DATA SHOWN =>
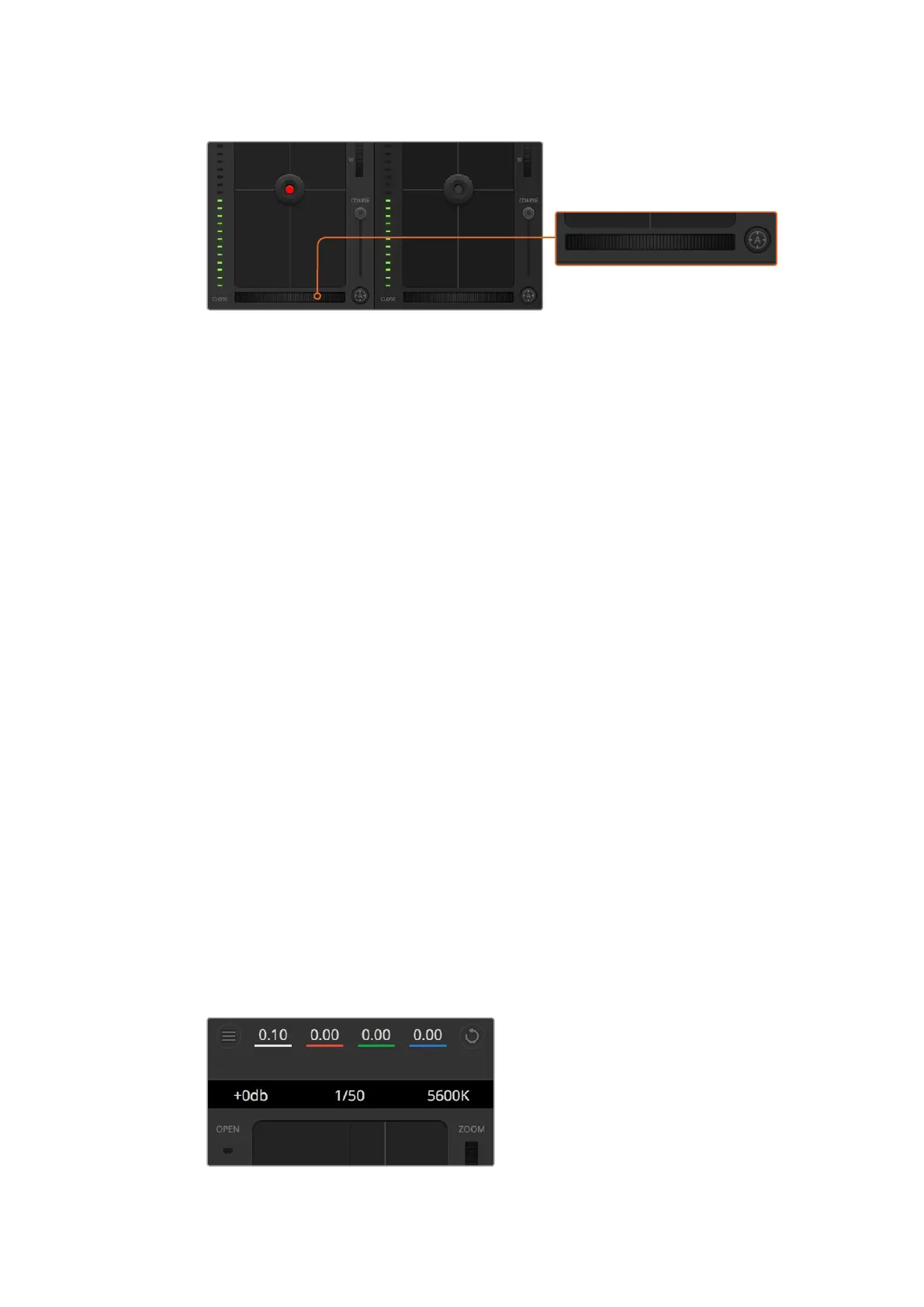 located at the bottom of each camera controller. Drag the wheel control left or right to manually
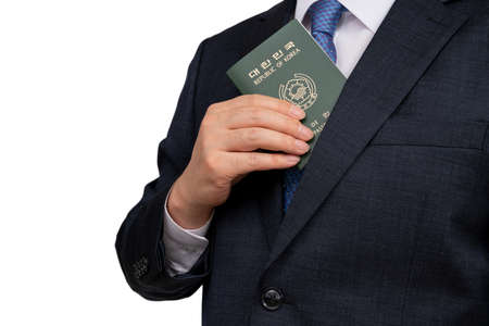 Thai passport with Korea Won currency bank notes on white
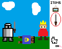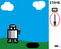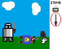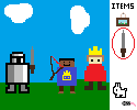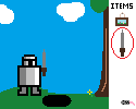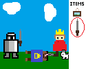 You decide to leave your keep, exiting into the beauty of your dukedom. But it seems that two things have not gone your way. For one, it seems that a knight has jumped on a tree and making a fool of himself. You can't have anyone from the capital seeing this! And for two, it seems that CBA has jumped into your inventory, leaving you with only 2 item slots left.

TASK TO CARRY OUT => What this calls for is the material above set down exactly, pictures excluded.

WORKED SOLUTION =>
 located at the bottom of each camera controller. Drag the wheel control left or right to manually
 Thai passport with Korea Won currency bank notes on white
 You decide to leave your keep, exiting into the beauty of your dukedom. But it seems that two things have not gone your way. For one, it seems that a knight has jumped on a tree and making a fool of himself. You can't have anyone from the capital seeing this! And for two, it seems that CBA has jumped into your inventory, leaving you with only 2 item slots left.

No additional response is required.